As this entry points out, SE interventions should simultaneously promote and cover health, productivity, valuable work, and long-term perspective issues through their content. Therefore, the first step toward promoting the interventions’ effectiveness is to consider, at the level of HRM, the possible interrelations among intervention elements that boost productivity, health, and safety in creating transversal capabilities.
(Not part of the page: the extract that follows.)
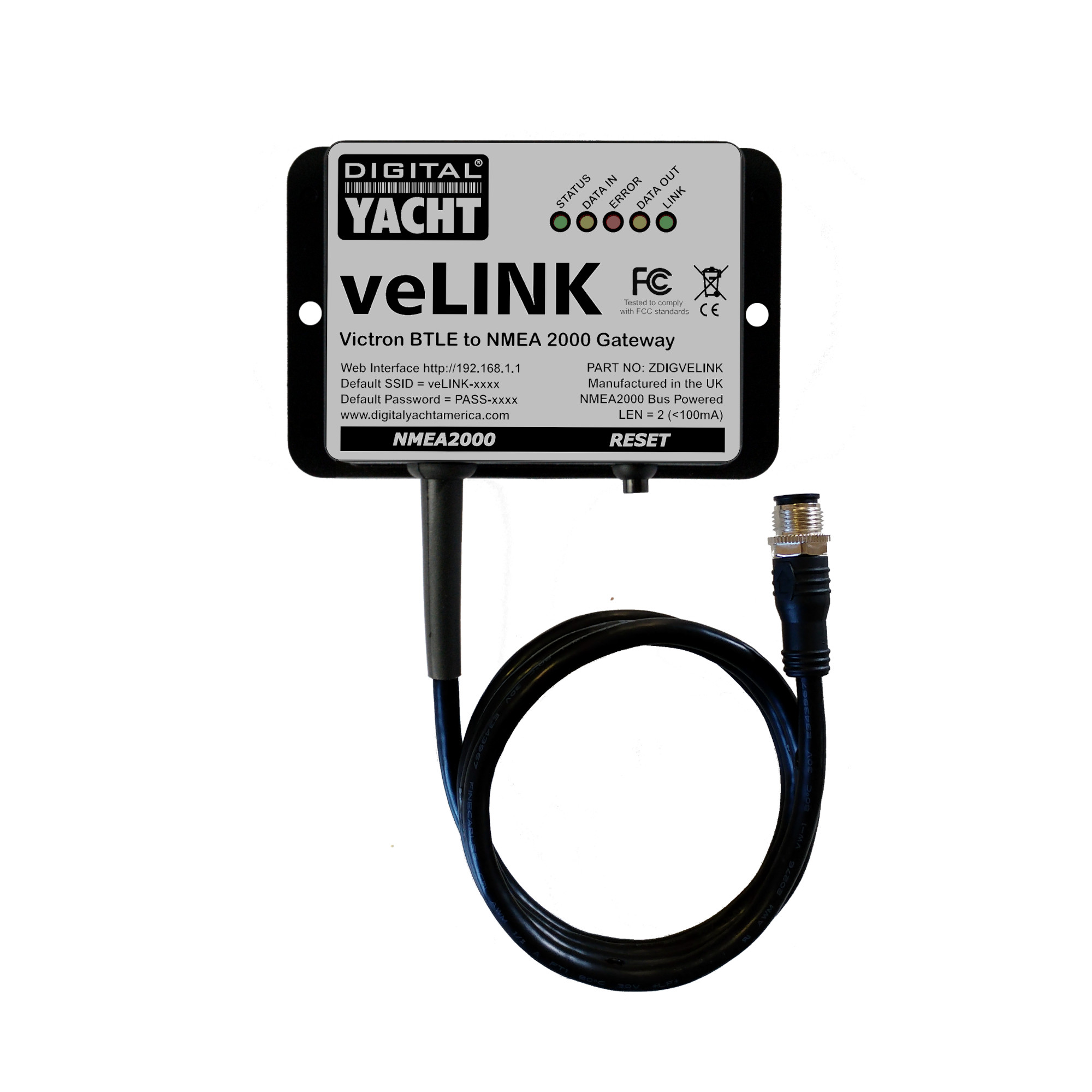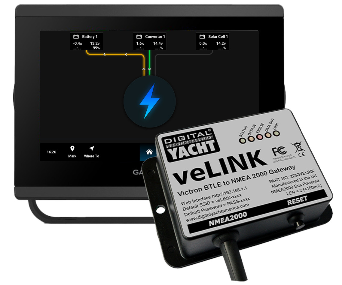 veLink maakt het mogelijk om essentiële data van Victron batterijmonitoren (SmartShunt, BMV, enz.) te tonen op multifunction displays en kaartplotters die op NMEA 2000 zijn aangesloten: stroomverbruik, accuspanning, status van service- en startaccu, plus resterende autonomie/SOC (laadstatus) op de plotter.veLink geeft ook informatie van een compatibele walstroomlader, zodat je de laadstroom naar de accu’s nauwkeurig kunt volgen. Zo’n lader zit vaak op een lastig bereikbare plek; met deze draadloze oplossing wordt monitoring een stuk makkelijker.

At the employee level, as employee choices are central in the SE perspective, it is essential to encourage employee participation in intervention planning that is in line with their work life stage, considering the full value that employees can obtain from the intervention [36]. The need to adopt a synergistic and comprehensive perspective of SE is also strongly encouraged because of population aging, technological developments, and uncertain career trajectories [13]. Additionally, this need has been accelerated by the COVID-19 pandemic, which is quickly and increasingly changing the ways of working and competencies required [58]. The pandemic is disrupting people’s careers, health, and finances, making clear the relevance of developing new career and proactive competencies and employability resources according to each life stage [3]. Within organizations, this implies creating a solid culture of SE. Thus, the COVID-19 pandemic could help clarify the need to address productivity, competencies, and health issues together at work [26]. As this entry shows, SE interventions still tend to limit their focus to individual conversion factors rather than including organizational factors. Particular attention should also be given to relevant organizational conversion factors, such as employee work-health balance or changing leadership [26]. Paying attention to these factors could be considered the first step to building an organizational culture of SE.
On the level of national labor policies, developing a participatory culture for SE implies developing active SE policies strongly aligned to workforce needs as well as allocating working hours for the acquirement of new healthy capabilities [41], in line with decent work United Nations’ Sustainability Goal Agenda 2030 [12]. Societies also need to provide adequate incentives to companies for employee retention and plan community-level measures while considering societal, mental, and biological aging [40].